(Stored items from a collection)
= = = = = = =

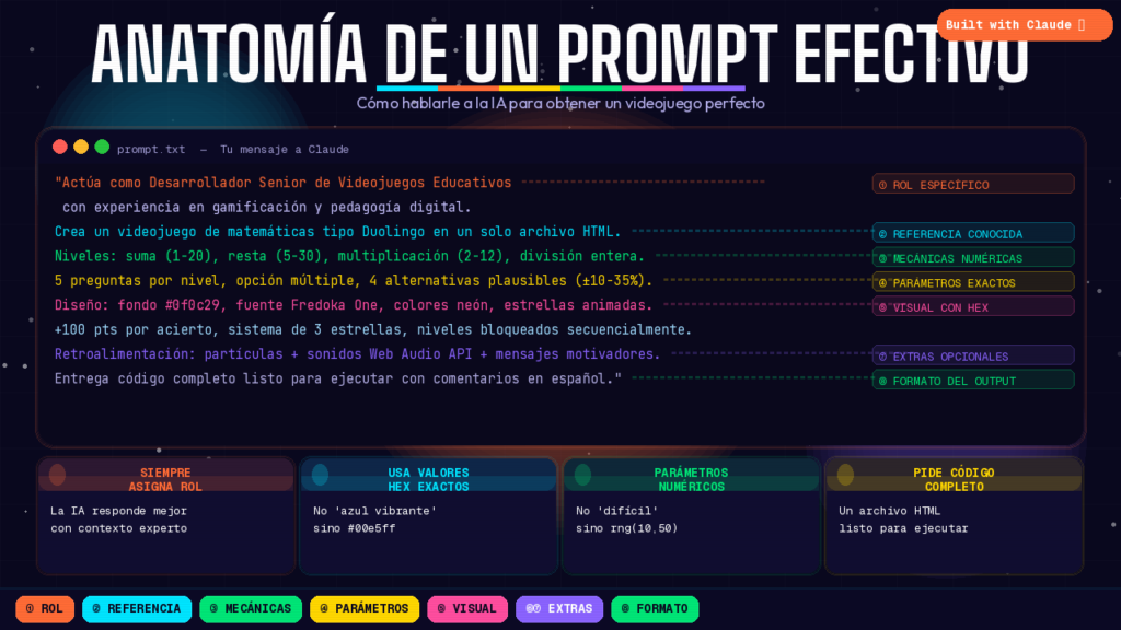 Este es el paso central. Un prompt efectivo tiene cuatro partes: rol asignado a la IA, descripción visual detallada, mecánicas de juego con parámetros exactos y especificación técnica del entregable. El siguiente prompt fue el que generó MathQuest:
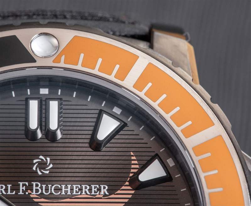 表盤周圍是旋轉的金屬潛水表圈,但帶有陶瓷鑲嵌物。包括數字在內的拋光表面是一個有趣的設計特征,看起來不像其他瑞士潛水員。表圈的鑲嵌顏色是黑色和一種古銅色/焦橙色,帥氣而有特色。同樣的青銅色用于表盤上的游泳蝠鲼圖案。我真的很喜歡這種藝術元素,因為它暗示了手表的主題,清楚地暗示了潛水,而且不會分散人們閱讀指針的能力。說到指針和時標,Carl F. Bucherer 決定也將它們涂成黑色,這樣可以提供漂亮的外觀以及大量的發光體。總體而言,表盤既獨特又非常易于閱讀。
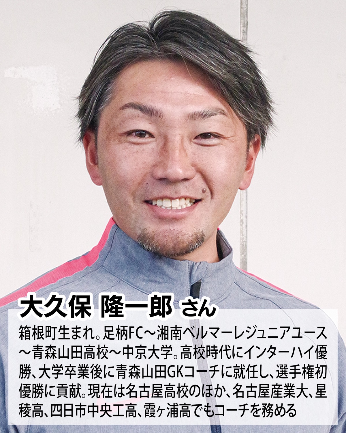 年末から年明けにかけて行われた全国高校サッカー選手権で、初出場ながら8強入りを果たした名古屋高校。同校のヘッドコーチを務め、今大会で優勝した青森山田高校でも2018年までGKコーチだったのが大久保隆一郎さん=35・足柄FC出身=だ。
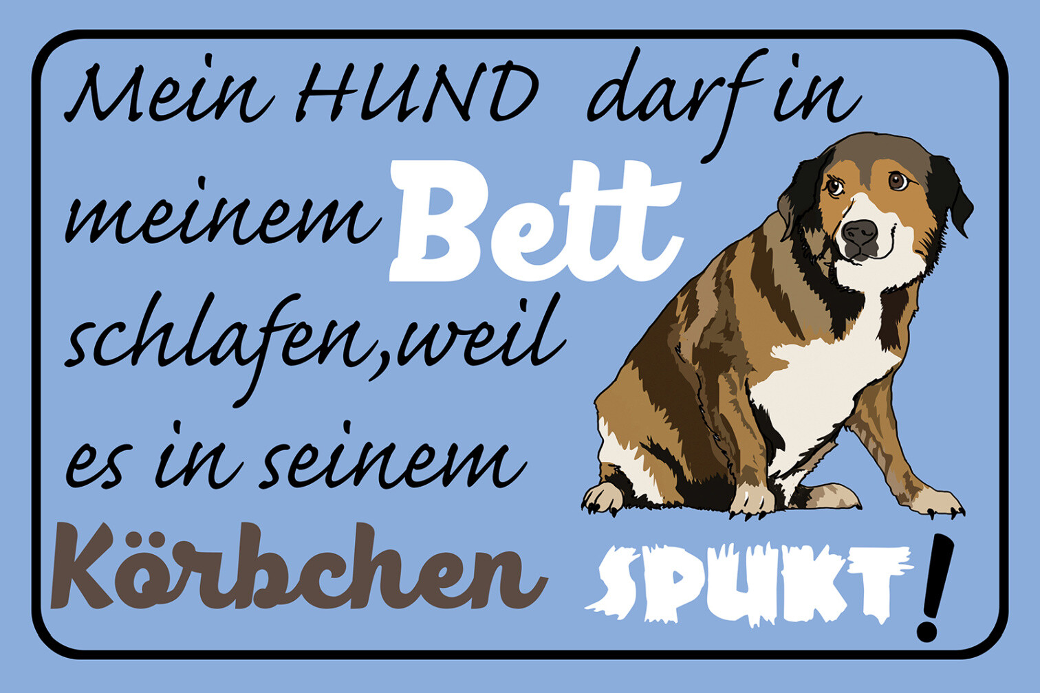 Schild Spruch Hund darf in Bett schlafen Weil es im Körbchen spukt JW
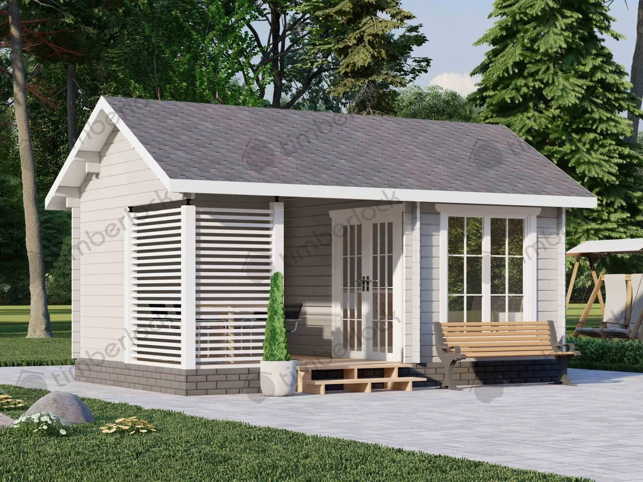 Садовый домик средних размеров с верандой - прекрасное решение для небольшого дачного участка. Можно использовать для временного проживания в тёплое время года, как летнюю кухню или как гостевой домик.
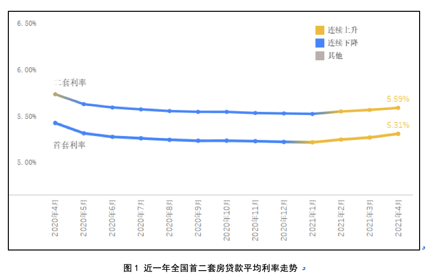 融360大数据研究院的数据也显示,2021年4月(数据采集期为2021年3月20日~2021年4月18日),全国首套房贷款平均利率为5.31%,环比上涨4BP;二套房贷款平均利率为5.59%,环比上涨2BP。其中,21个二线城市的房贷利率环比上涨,9个城市的首套房房贷利率环比涨幅超过10BP,中山、惠州和东莞的首套涨幅位居前三;大连和哈尔滨的房贷利率本期涨幅也较大。
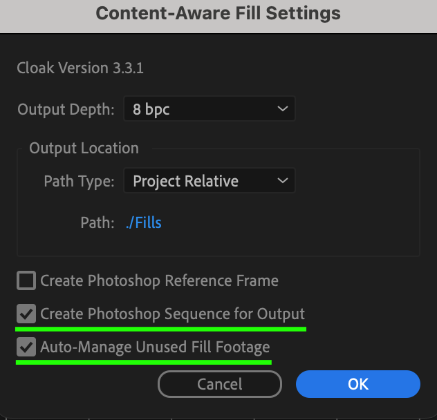 In the Content-Aware Fill Settings window, enable Create Photoshop Sequence for Output and Auto-Manage Unused Fill Footage, then click OK. These settings ensure that the fill process runs smoothly and removes unwanted elements.
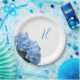 Prato De Papel Azul Hydrangea Flores De Madeira Fundo
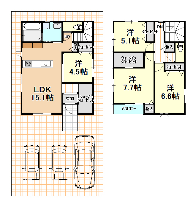 間取内容 | 1階LDK15.1畳1室 1階洋室4.5畳1室 2階洋室7.7畳1室 2階洋室6.6畳1室 2階洋室5.1畳1室 |
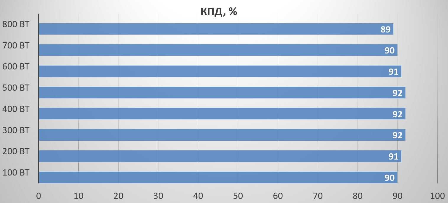 При максимально допустимой мощности в 400 Вт герой рейтинга способен выдавать более 90% от общей выходной мощности.
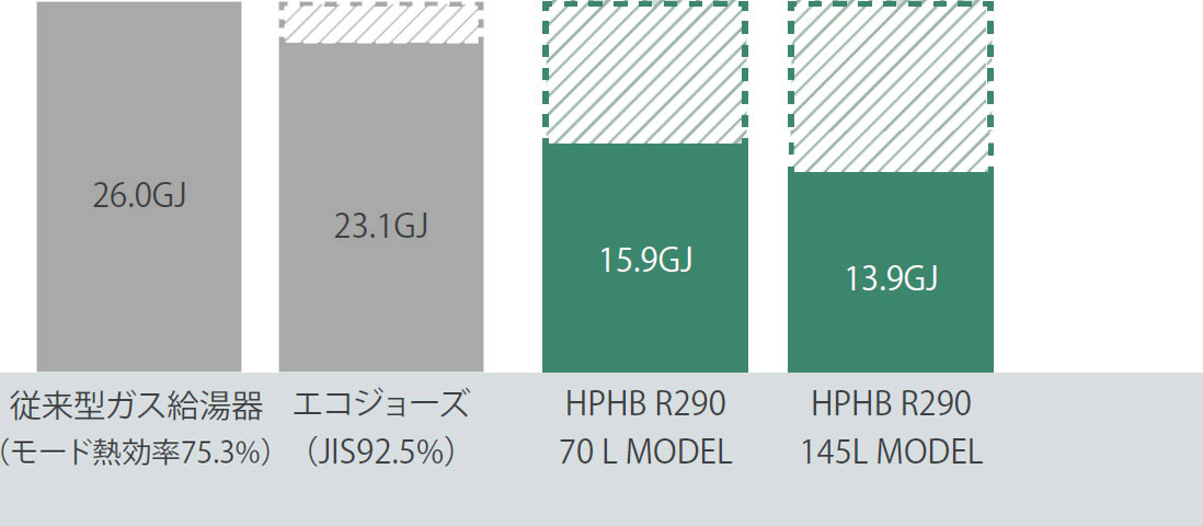 新スマート制御により光熱費を節約し、給湯・保温一次エネルギー消費量(BEI)の低減につながります。
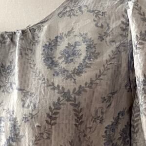 *The dress is high quality and stunning, and also has some wear and a few flaws noted and pictured. It is labeled a size 10, but based on approximate measurements listed as a size Small (Please see photos). It has been stitched in the back and has a small hole stitched over (the side zipper is still present). The stitching is coming undone. There are also a couple of small marks (one at the hip and one in the back), did not try to get out. A tiny fabric snag in the front, some extra knottiness (the fabric itself has natural knottiness throughout, but a couple of spots are more pronounced, and some lose threads behind the neckline) Even with theses flaws, it is a beautiful dress that can be worn as is or professionally altered and dry cleaned.
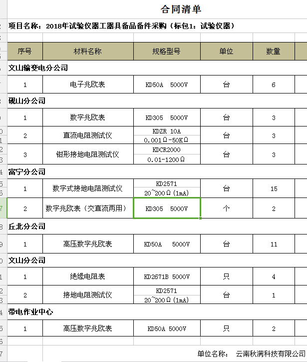 隨即,云南文山電力股份有限公司在我司生產的KD50A電子兆歐表,KD305數字兆歐表,KDZR-10A直流電阻測試儀,KDCR2000鉗形接地電阻測試儀,KD2671絕緣搖表,KD2571接地電阻測試儀等設備參數中看中優于同行業電氣廠家的性能,價格優勢、售后服務、良好的市場口碑判定中標人云南秋滿公司。
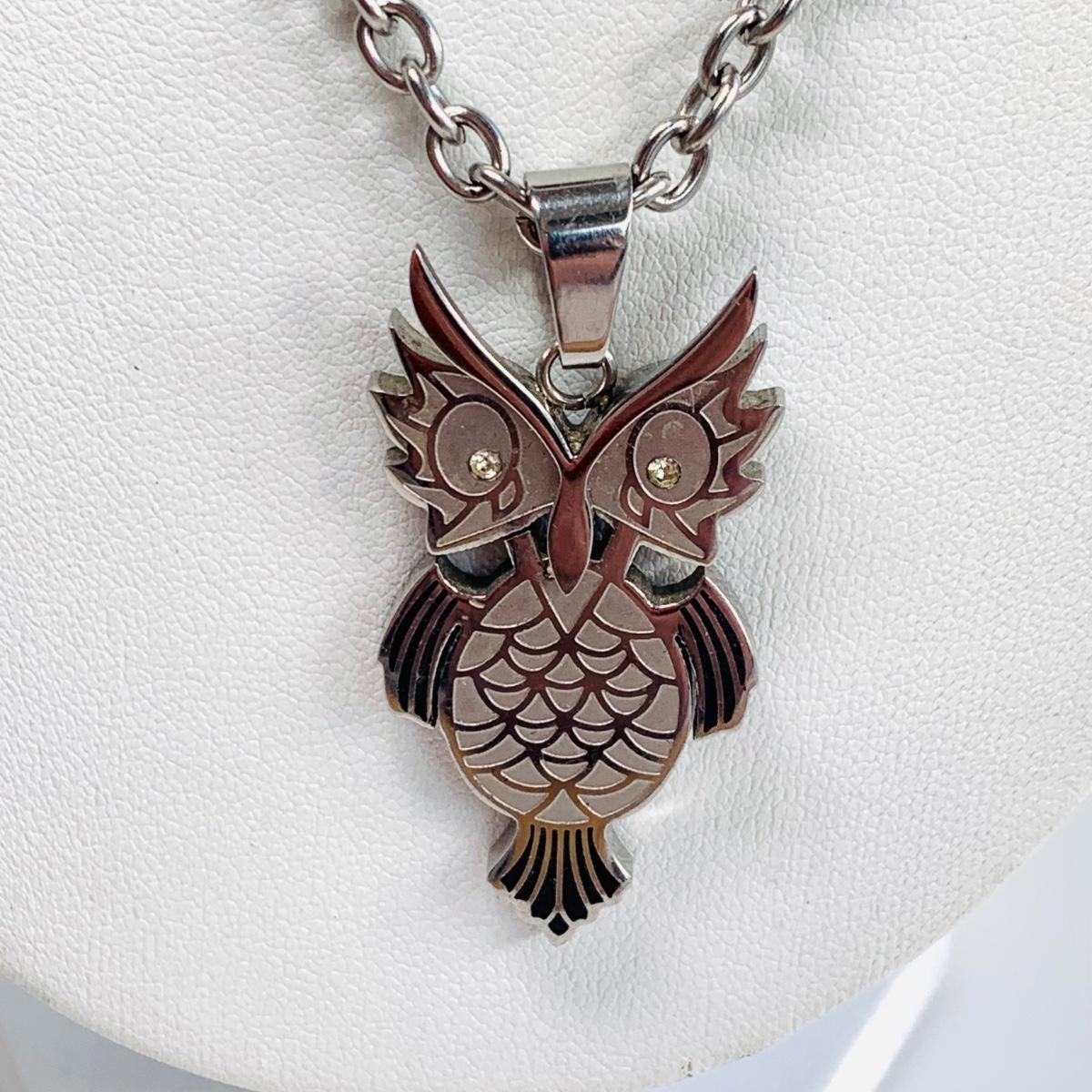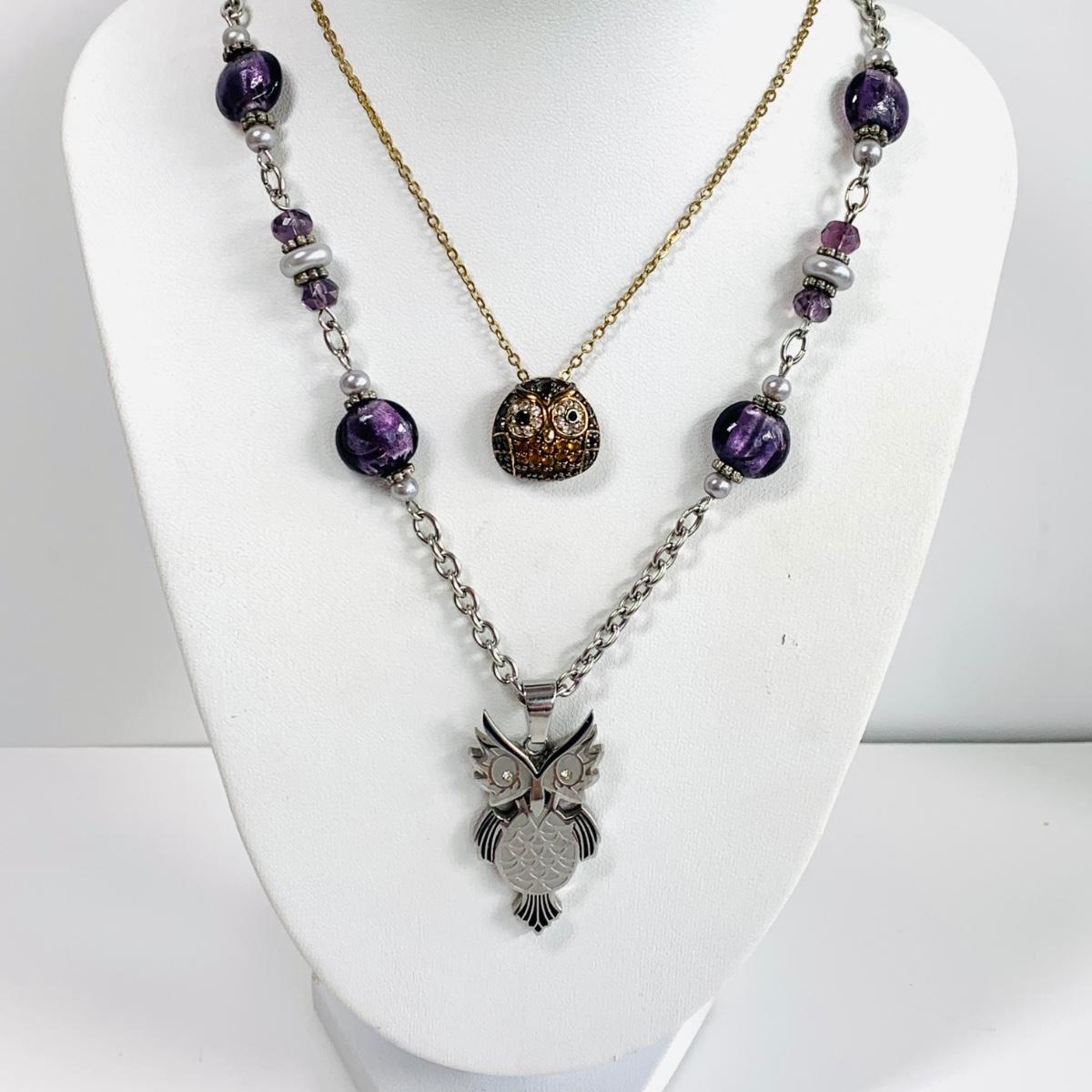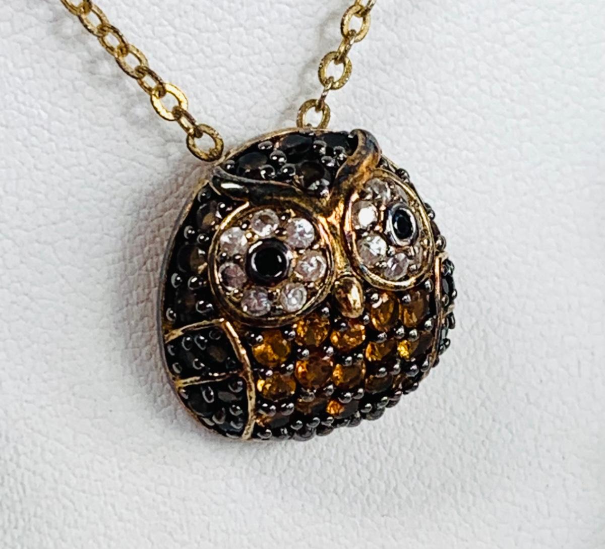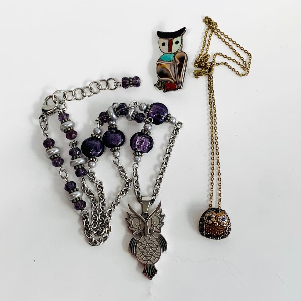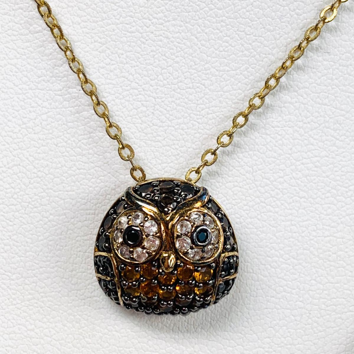 LOT 79: Owl Collection: JD 925 Rhinestone Necklace, Silver Tone Necklace & Enamel Pin
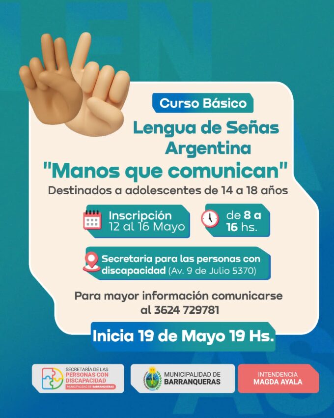 La Intendencia Municipalidad de Barranqueras informa que , se encuentra abierta la inscripción para un nuevo curso de Lengua de Señas Argentina (LSA) destinado a adolescentes desde los 14 años. El curso es totalmente gratuito y se llevará a cabo a partir del 19 de mayo.
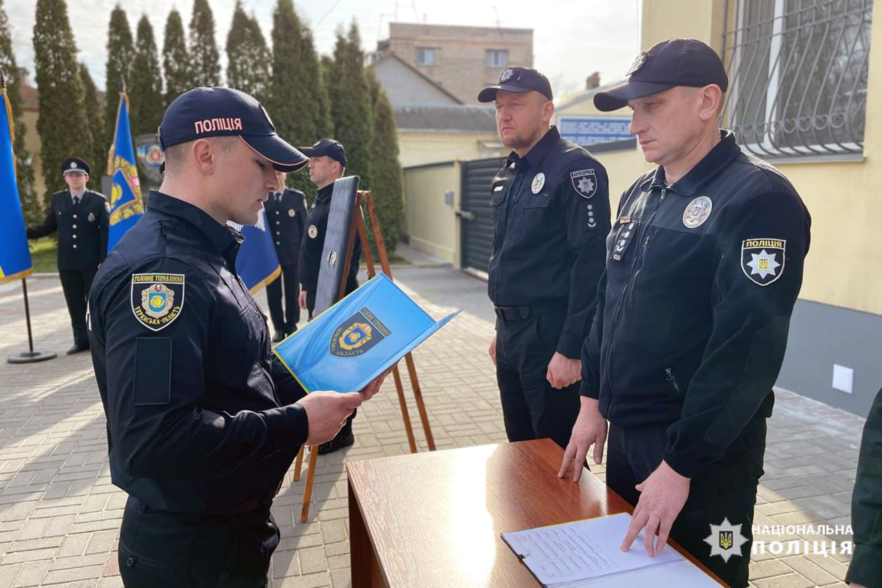 В урочистій обстановці правоохоронців вітали начальника Головного управління Національної поліції в Черкаській області Вячеслав Гурін, начальник управління кадрового забезпечення Іван Давиденко та голова поліцейської комісії Юрій Лобода.

= = = = = = =

**TASK TO COMPLETE**
Among the entries above, take the line with "Prato De Papel", the line with "新スマート制御により光熱費を", and all the lines between them, and restate them word for word without pictures.

**WRITTEN RESPONSE**
 Prato De Papel Azul Hydrangea Flores De Madeira Fundo
 間取内容 | 1階LDK15.1畳1室 1階洋室4.5畳1室 2階洋室7.7畳1室 2階洋室6.6畳1室 2階洋室5.1畳1室 |
 При максимально допустимой мощности в 400 Вт герой рейтинга способен выдавать более 90% от общей выходной мощности.
 新スマート制御により光熱費を節約し、給湯・保温一次エネルギー消費量(BEI)の低減につながります。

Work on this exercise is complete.